(Description of the task) Begin at the line containing "As such, an" in the entries below and end at the line containing "A keepsake-worthy boxed"; transcribe that range exactly and nothing outside it.

(Input material)

· · ·

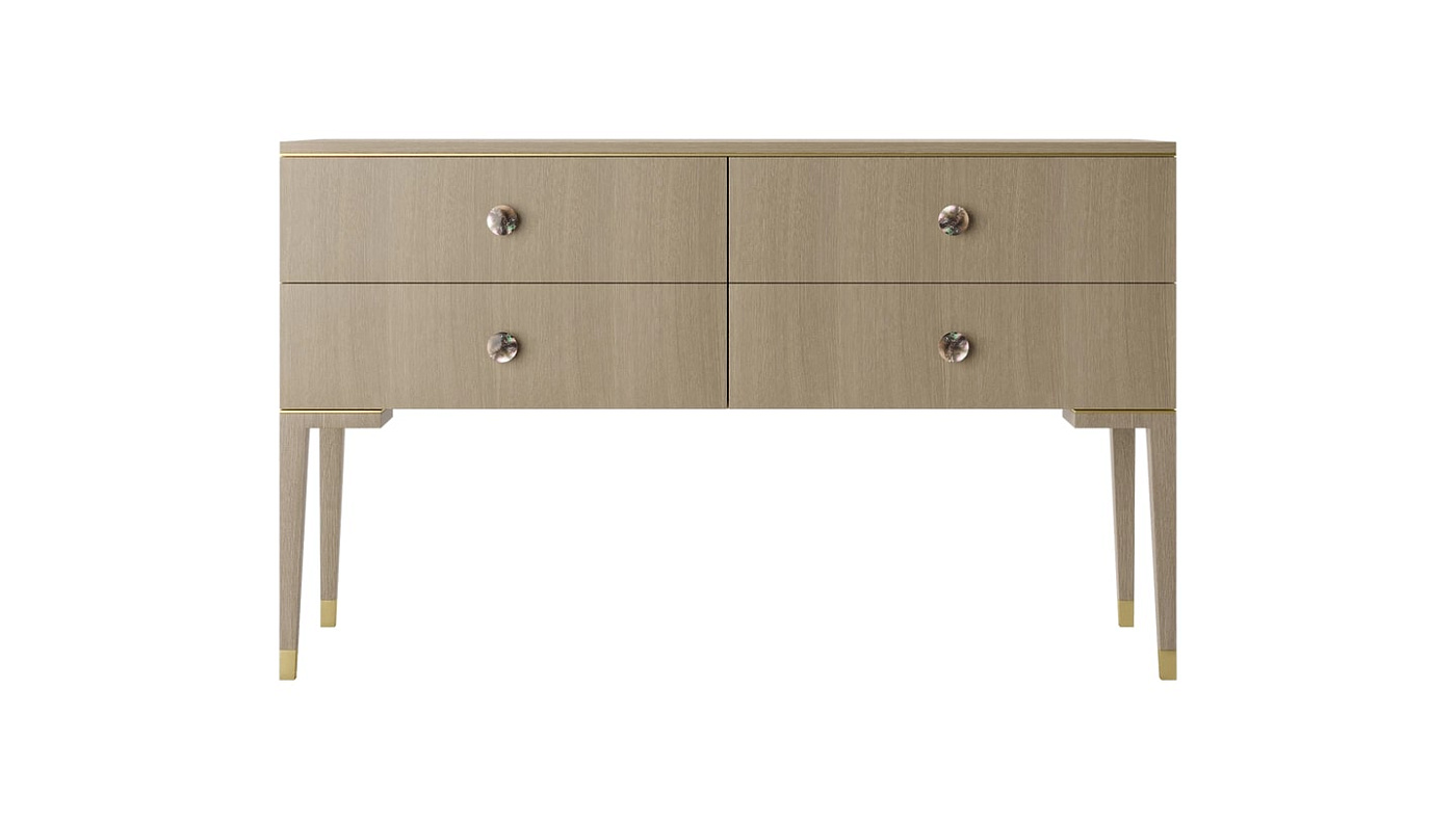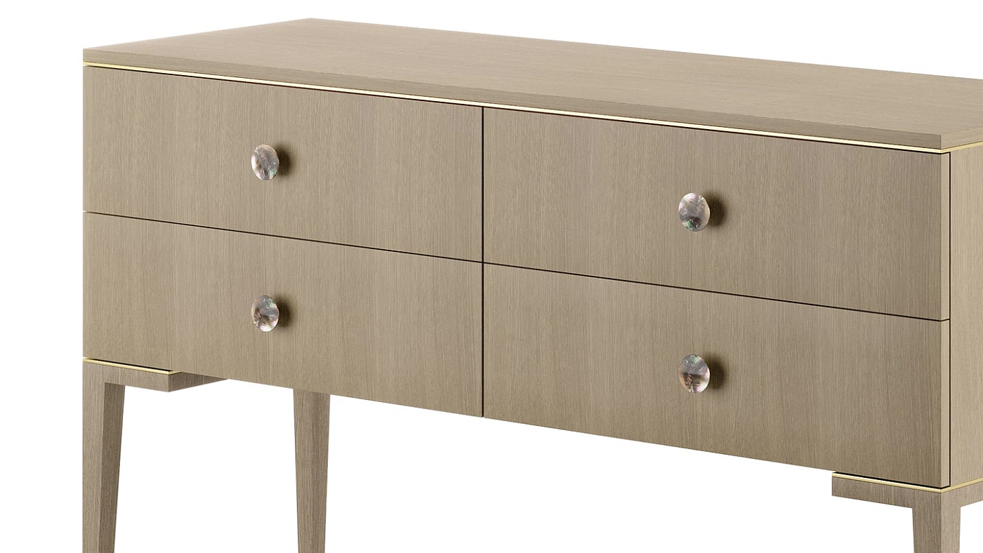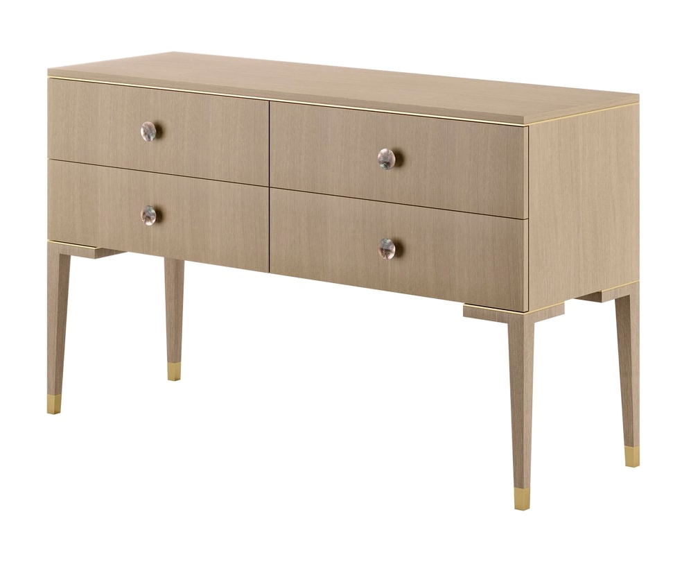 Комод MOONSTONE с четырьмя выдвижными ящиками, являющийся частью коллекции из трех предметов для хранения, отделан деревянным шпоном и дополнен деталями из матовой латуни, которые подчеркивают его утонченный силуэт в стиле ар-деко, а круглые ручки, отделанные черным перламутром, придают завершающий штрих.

· · ·

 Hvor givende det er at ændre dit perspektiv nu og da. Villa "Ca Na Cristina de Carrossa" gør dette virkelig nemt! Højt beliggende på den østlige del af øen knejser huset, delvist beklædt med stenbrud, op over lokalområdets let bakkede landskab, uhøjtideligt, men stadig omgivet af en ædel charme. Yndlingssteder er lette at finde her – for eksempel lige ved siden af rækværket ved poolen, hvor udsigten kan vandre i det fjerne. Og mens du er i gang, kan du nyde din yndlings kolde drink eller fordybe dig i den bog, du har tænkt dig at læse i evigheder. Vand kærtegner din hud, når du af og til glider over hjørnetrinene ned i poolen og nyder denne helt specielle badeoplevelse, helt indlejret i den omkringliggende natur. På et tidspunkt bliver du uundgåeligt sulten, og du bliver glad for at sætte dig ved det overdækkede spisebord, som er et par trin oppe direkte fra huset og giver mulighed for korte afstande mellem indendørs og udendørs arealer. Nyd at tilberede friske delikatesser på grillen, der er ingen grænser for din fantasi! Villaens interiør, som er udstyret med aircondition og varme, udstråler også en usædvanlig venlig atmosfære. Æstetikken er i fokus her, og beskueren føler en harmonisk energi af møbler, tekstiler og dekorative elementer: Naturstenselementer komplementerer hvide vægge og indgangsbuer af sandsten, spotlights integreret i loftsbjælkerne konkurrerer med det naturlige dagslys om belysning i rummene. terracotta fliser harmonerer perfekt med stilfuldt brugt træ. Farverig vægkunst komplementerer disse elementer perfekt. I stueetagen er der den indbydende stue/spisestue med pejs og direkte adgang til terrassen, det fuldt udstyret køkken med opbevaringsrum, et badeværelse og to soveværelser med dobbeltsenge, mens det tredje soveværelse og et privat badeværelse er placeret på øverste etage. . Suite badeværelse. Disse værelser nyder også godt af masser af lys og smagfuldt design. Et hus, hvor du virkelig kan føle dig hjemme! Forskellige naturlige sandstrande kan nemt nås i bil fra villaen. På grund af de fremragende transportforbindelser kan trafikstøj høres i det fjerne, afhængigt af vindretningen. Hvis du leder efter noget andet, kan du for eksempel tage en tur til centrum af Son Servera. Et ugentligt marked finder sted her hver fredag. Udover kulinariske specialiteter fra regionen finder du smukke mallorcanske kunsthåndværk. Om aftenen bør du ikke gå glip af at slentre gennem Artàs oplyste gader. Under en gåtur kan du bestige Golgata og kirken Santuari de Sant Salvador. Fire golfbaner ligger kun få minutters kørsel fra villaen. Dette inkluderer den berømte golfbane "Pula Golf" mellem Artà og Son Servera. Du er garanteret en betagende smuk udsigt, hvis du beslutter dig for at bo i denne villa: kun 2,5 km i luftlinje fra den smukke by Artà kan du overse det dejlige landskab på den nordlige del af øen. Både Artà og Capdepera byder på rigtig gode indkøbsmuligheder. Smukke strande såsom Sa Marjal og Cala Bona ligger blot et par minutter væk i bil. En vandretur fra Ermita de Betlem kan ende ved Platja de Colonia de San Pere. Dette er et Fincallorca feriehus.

· · ·

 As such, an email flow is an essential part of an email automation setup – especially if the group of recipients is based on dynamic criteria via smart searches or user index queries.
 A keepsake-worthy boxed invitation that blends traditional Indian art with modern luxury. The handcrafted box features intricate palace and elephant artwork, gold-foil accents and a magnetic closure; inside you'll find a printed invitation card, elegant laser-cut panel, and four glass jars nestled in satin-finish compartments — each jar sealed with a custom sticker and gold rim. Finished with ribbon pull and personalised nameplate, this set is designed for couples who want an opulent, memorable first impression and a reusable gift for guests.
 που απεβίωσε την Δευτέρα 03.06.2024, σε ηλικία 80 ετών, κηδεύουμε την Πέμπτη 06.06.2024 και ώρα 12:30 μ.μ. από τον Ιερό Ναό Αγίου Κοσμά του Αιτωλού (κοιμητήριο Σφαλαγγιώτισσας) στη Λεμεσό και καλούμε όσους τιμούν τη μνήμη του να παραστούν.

· · ·

(Answer area)
 As such, an email flow is an essential part of an email automation setup – especially if the group of recipients is based on dynamic criteria via smart searches or user index queries.
 A keepsake-worthy boxed invitation that blends traditional Indian art with modern luxury. The handcrafted box features intricate palace and elephant artwork, gold-foil accents and a magnetic closure; inside you'll find a printed invitation card, elegant laser-cut panel, and four glass jars nestled in satin-finish compartments — each jar sealed with a custom sticker and gold rim. Finished with ribbon pull and personalised nameplate, this set is designed for couples who want an opulent, memorable first impression and a reusable gift for guests.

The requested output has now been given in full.